The current way to multihome with I2P is to run the same Destination on each
router independently; the router that gets used by clients at any particular
time is the last one to publish a [LeaseSet]_.
This is a hack and presumably won't work for large websites at scale. Say we had
100 multihoming routers each with 16 tunnels. That's 1600 LeaseSet publishes
every 10 minutes, or almost 3 per second. The floodfills would get overwhelmed
and throttles would kick in. And that's before we even mention the lookup
traffic.
[Prop123]_ solves this problem with a meta-LeaseSet, which lists the 100 real
LeaseSet hashes. A lookup becomes a two-stage process: first looking up the
meta-LeaseSet, and then one of the named LeaseSets. This is a good solution to
the lookup traffic issue, but on its own it creates a significant privacy leak:
It is possible to determine which multihoming routers are online by monitoring
the published meta-LeaseSet, because each real LeaseSet has corresponds to a
single router.
We need a way for an I2P client or service to spread a single Destination across
multiple routers, in a way that is indistinguishable to using a single router
(from the perspective of the LeaseSet itself).
Design
======
Definitions
-----------
User
The person or organisation wanting to multihome their Destination(s). A
single Destination is considered here without loss of generality (WLOG).
Client
The application or service running behind the Destination. It may be a
client-side, server-side, or peer-to-peer application; we refer to it as
a client in the sense that it connects to the I2P routers.
The client consists of three parts, which may all be in the same process
or may be split across processes or machines (in a multi-client setup):
Balancer
The part of the client that manages peer selection and tunnel
building. There is a single balancer at any one time, and it
communicates with all I2P routers.
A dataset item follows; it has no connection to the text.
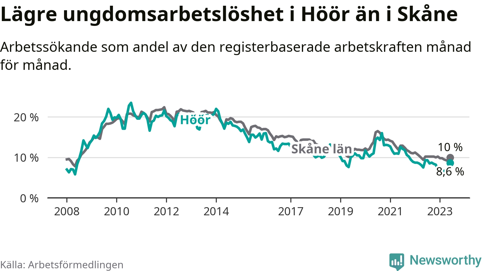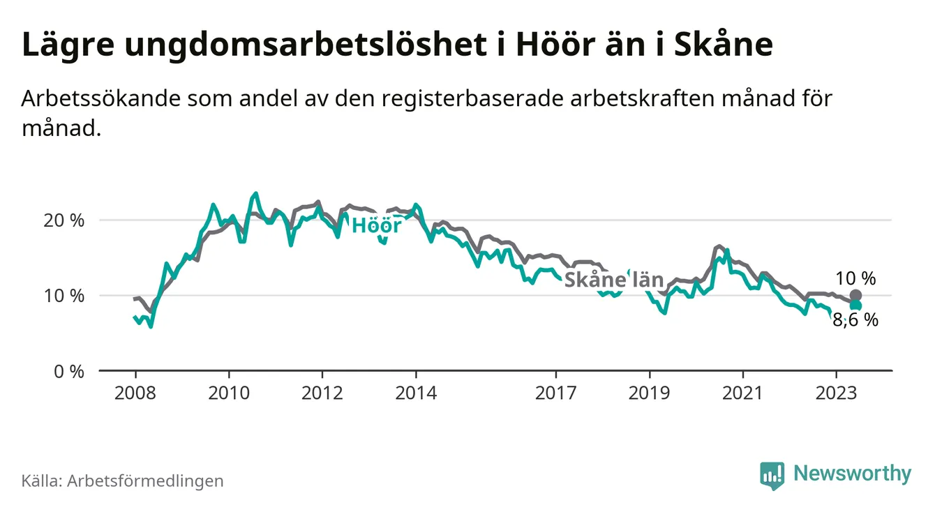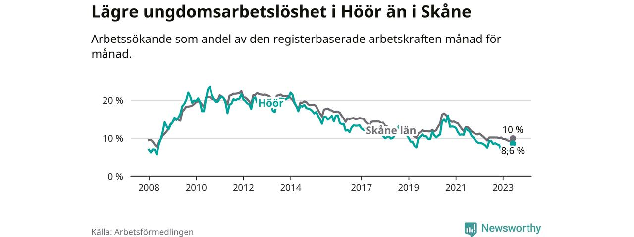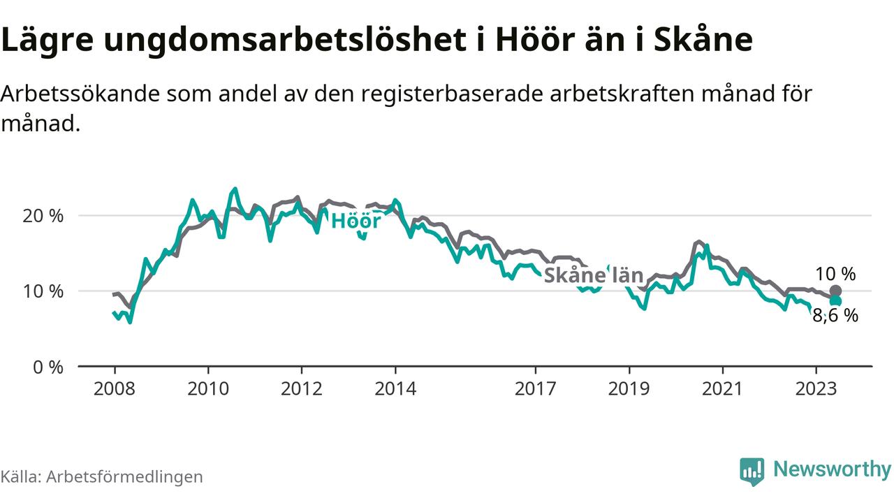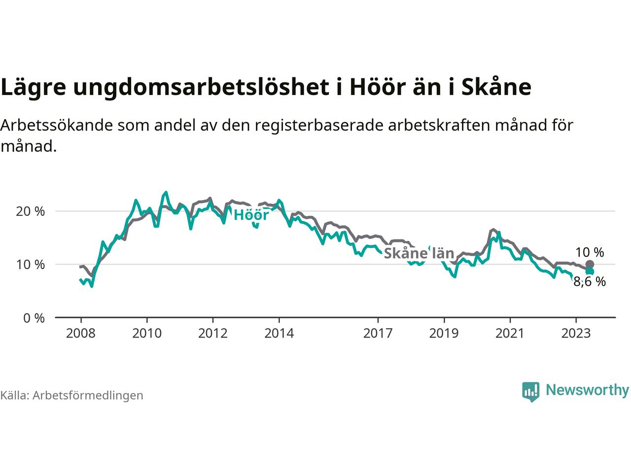 I och med den senaste månadens nedgång har de ungas arbetslöshet i Höör sjunkit över två år i sträck (ner från 11,0 procent i april 2021 till 8,6 procent nu).

There may be failover balancers.
Frontend
The part of the client that can be operated in parallel. Each
frontend communicates with a single I2P router.
Backend
The part of the client that is shared between all frontends. It has
no direct communication with any I2P router.
Router
An I2P router run by the user that sits at the boundary between the I2P
network and the user's network (akin to an edge device in corporate
networks). It builds tunnels under the command of a balancer, and routes
packets for a client or frontend.
High-level overview
-------------------
Imagine the following desired configuration:
- A client application with one Destination.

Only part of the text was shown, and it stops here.